La traite des êtres humains : une question de sécurité humaine

Selon les estimations de l’Organisation internationale du travail (OIT), environ 24,9 millions de personnes dans le monde sont victimes de la traite des êtres humains et d’autres formes d’esclavage moderne. Les chiffres dans ce domaine sont toutefois à prendre avec précaution car la traite des êtres humains est un phénomène qui se joue dans l’ombre et nombre de victimes restent invisibles. Les victimes détectées sont en majorité des femmes, mais ce fléau touche également des enfants et des hommes.

La traite des êtres humains a des répercussions profondes sur la sécurité et la dignité des personnes. Bien souvent, la traite trouve un terreau fertile dans les situations de conflit armé et les contextes sécuritaires incertains. Les facteurs favorisant la traite des êtres humains sont multiples: fragilité étatique, départ forcé, migration irrégulière, pauvreté, discrimination ou encore absence de l’état de droit. La traite des êtres humains constitue en outre une source de financement pour les conflits armés ou l’extrémisme violent et peut aggraver encore les conflits et les situations de fragilité.
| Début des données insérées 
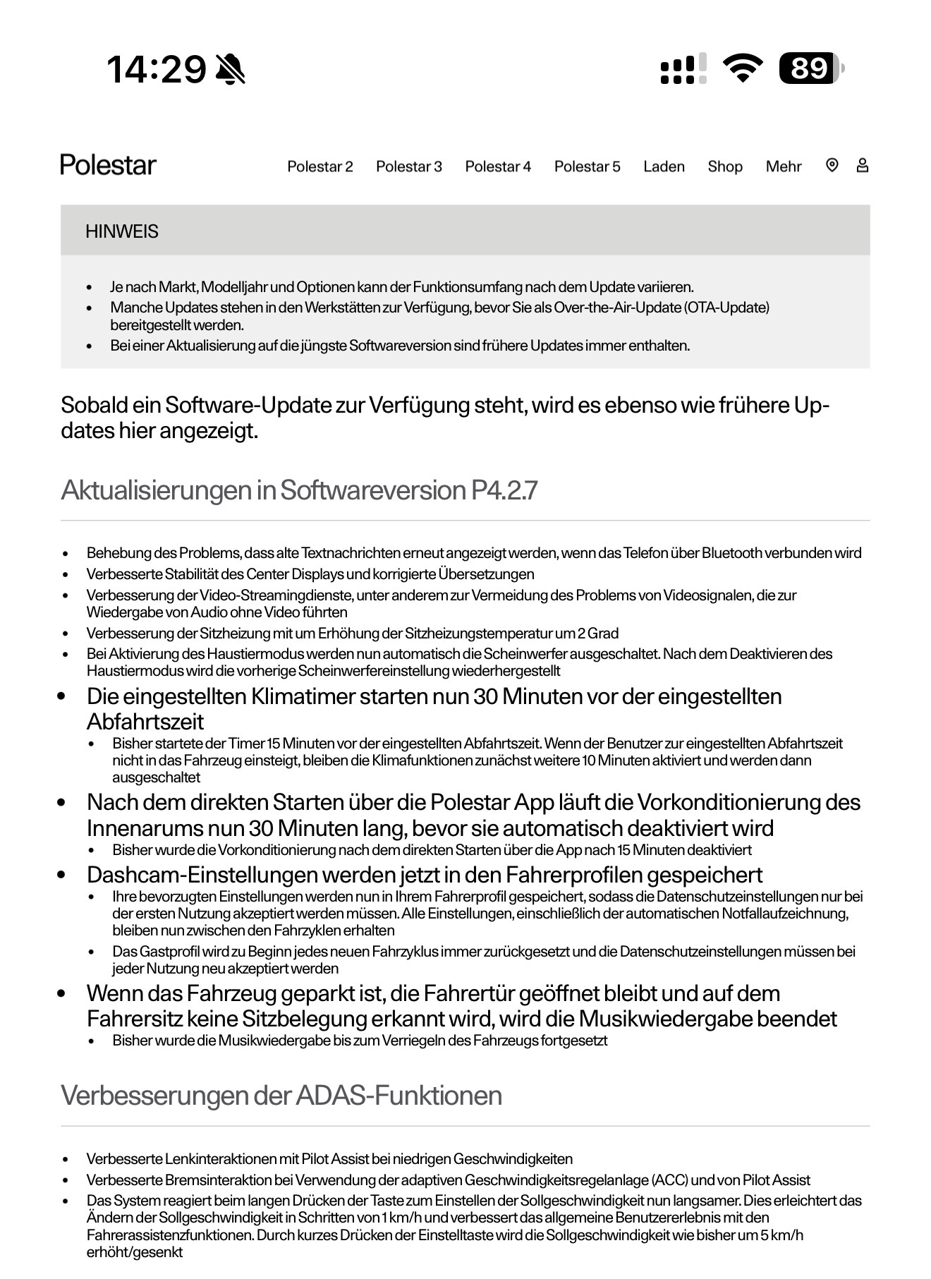 Ich schau schon ein wenig amüsiert auf manche Kommentare. Von Tesla kommend - eine Firma, die ja immer für alles mögliche gelobt wird was Software angeht - habe ich nun mit dem Polestar viel weniger bis keine Phantombremsungen mehr. Der Tesla fand ja jeden LKW auf der Nebenspur bedrohlich. Oder wenn ein Auto auf der Abbiegespur stand, um auf die Hauptstraße abzubiegen, machte der immer wieder mal Vollbremsungen. Das erlebe ich jetzt nicht mehr. Auch beschleunigt der Polestar wunderbar schnell nach einem Spurwechsel, der Tesla schien bei jedem Spurwechsel erst mal erheblich zu verlangsamen, um dann sehr laaaaaahm wieder zu beschleunigen. Da musste man erst mal zusätzlich beschleunigen, um nicht zum Verkehrshindernis zu werden.

Avec le trafic de stupéfiants et le trafic d’armes, la traite des êtres humains est l’une des activités les plus lucratives du crime organisé: chaque année, elle génère au niveau mondial un chiffre d’affaires estimé à 32 milliards de dollars.

L’engagement et les initiatives de la Suisse

La Suisse participe aux mécanismes multilatéraux et contribue au développement de politiques et de normes internationales contre la traite des êtres humains, par exemple dans le cadre de l’ONU et de l’Organisation pour la sécurité et la coopération en Europe (OSCE).

Le phénomène de la traite des êtres humains est régulièrement évoqué dans les dialogues bilatéraux, dans le cadre des partenariats migratoires par exemple. Le DFAE finance des projets visant à prévenir la traite des êtres humains et à renforcer les structures étatiques et non étatiques destinées à lutter contre ce fléau.

Le bon fonctionnement de la coopération aux niveaux politique et opérationnel est déterminant pour lutter efficacement contre la traite des êtres humains. Le DFAE s’emploie à renforcer la coopération des autorités suisses avec les acteurs des pays de provenance des victimes et soutient de nombreux programmes pour combattre la traite. En partenariat avec l’Organisation internationale pour les migrations (OIM), le département organise des tables rondes internationales, auxquelles il associe régulièrement les représentants du secteur privé. Le but est d’impliquer durablement dans la collaboration les branches économiques dans lesquelles la traite des êtres humains représente un risque important.

Le cadre normatif international

Le premier accord international définissant la traite des êtres humains figure dans le Protocole de Palerme. Ce protocole additionnel à la Convention des Nations Unies contre la criminalité transnationale organisée vise à prévenir, réprimer et punir la traite des personnes. La Suisse a ratifié ce protocole le 27 octobre 2006.

Conformément au Protocole de Palerme, l’expression «traite des personnes» désigne le recrutement, le transport, le transfert, l’hébergement ou l’accueil de personnes, par la menace de recours ou le recours à la force ou à d’autres formes de contrainte, par enlèvement, fraude, tromperie, abus d’autorité ou d’une situation de vulnérabilité, ou par l’offre ou l’acceptation de paiements ou d’avantages pour obtenir le consentement d’une personne ayant autorité sur une autre aux fins d’exploitation. L’exploitation comprend, au minimum, l’exploitation de la prostitution d’autrui ou d’autres formes d’exploitation sexuelle, le travail ou les services forcés, l’esclavage ou les pratiques analogues à l’esclavage, la servitude ou le prélèvement d’organes.

La Suisse s’est engagée, dans le cadre d’une initiative diplomatique, en faveur de la clarification de la définition inscrite dans la Convention des Nations Unies contre la criminalité transnationale organisée.